In this case, Jones filed its protest with the agency immediately after learning that it had not been selected for award. The firm claimed that the agency had evaluated its proposal improperly. In response to the protest, the agency debriefed Jones to explain and defend its evaluation of the proposal. Jones filed a protest with this Office, 24 working days later, again alleging an improper evaluation and this time citing in support of its position specific proposal weaknesses discussed during the debriefing.

In our view, Jones was on notice as a result of the debriefing that, contrary to what Jones asserted in its agency-level protest, the agency believed that its evaluation of Jones' proposal had been proper. The agency's defense of its evaluation at the debriefing constituted initial adverse agency action on the protest to the agency such that any subsequent protest to this Office should have been filed within 10 working days of April 20, but was not filed until 24 working days later.

We find no merit to Jones' contention that the agency should have downgraded NPI's proposal because of its lack of experience as a separate entity. We have recognized that where, as here, an offeror represents in its proposal that resources of its parent company will be committed to the contract, the agency properly may consider the experience of the offeror's parent company in evaluating its proposal. Vector Engineering, Inc., B-200536, July 7, 1981, 81-2 CPD Para. 9.

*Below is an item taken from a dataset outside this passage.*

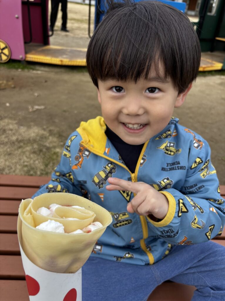 一通り遊んでお腹がすいたので帰ろうとすると、公園にクレープ屋さんが!!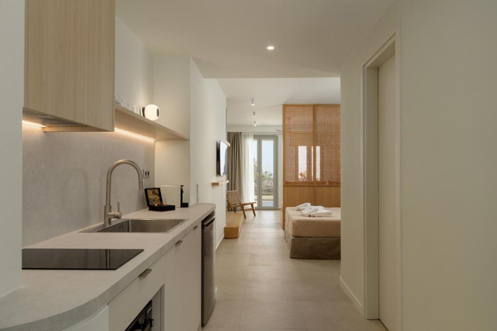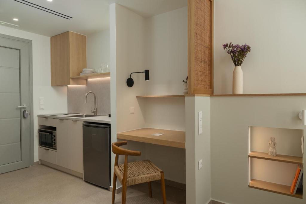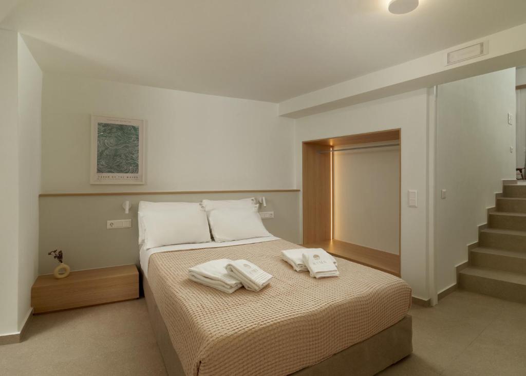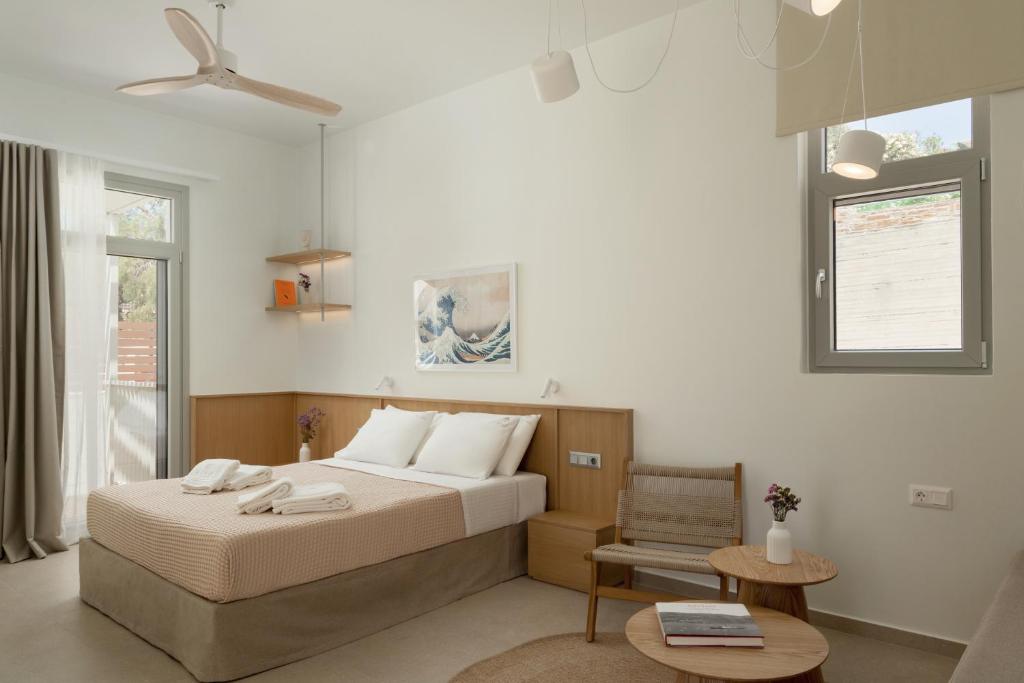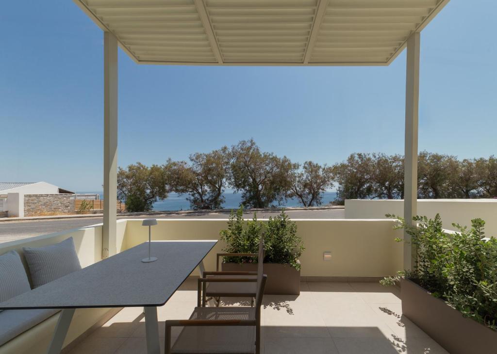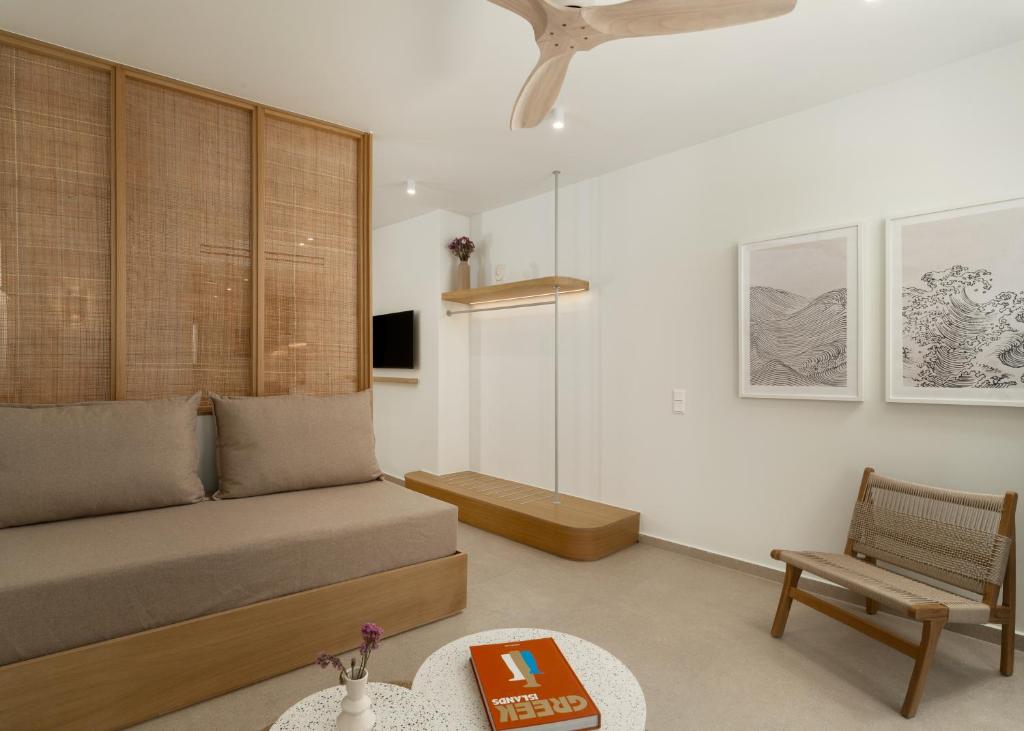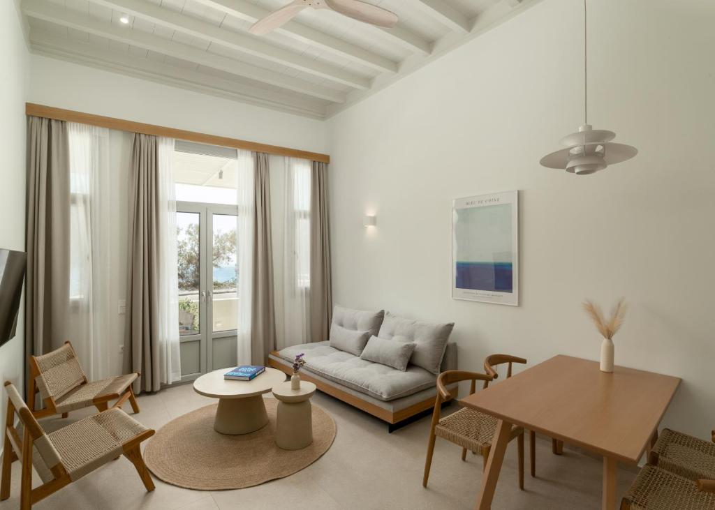 Each suite is carefully curated, with minimalist design, earthy tones and attention to detail. They feature a fully equipped kitchenette, comfortable living areas, quality bedding, private balconies with sea or garden views and high–speed Wi-Fi, creating a space that feels like your own island home – just with more elegance. With only four suites in total, the complex offers a sense of privacy, premium comfort and discreet service.

We dismiss the protester's remaining contentions concerning the relationship between NPI and its parent company. In this regard, the protester contends that NPI does not have the capacity to perform the contract because of its lack of experience and because the resources of the parent company upon which NPI must rely may not be available. These contentions all relate to the issue of whether the awardee is responsible.

The Federal Acquisition Regulation (FAR) requires that prior to the award of any contract the contracting officer must make an affirmative determination that the proposed awardee is responsible. FAR, 48 C.F.R. Sec. 9.103(b) (1986). To be responsible a prospective contractor must have, among other things, the resources, experience, and technical skills needed to perform the contract, or the ability to obtain them. FAR, 48 C.F.R. Sec. 9.104-1. Because a determination of responsibility is in large part a subjective judgment, our regulations provide that we will not review an affirmative responsibility determination absent a showing that such determination was made fraudulently or in bad faith or that definitive responsibility criteria contained in the solicitation were not met. 4 C.F.R. Sec. 21.3(f)(5). There has been no such showing here.

The protest is dismissed in part and denied in part.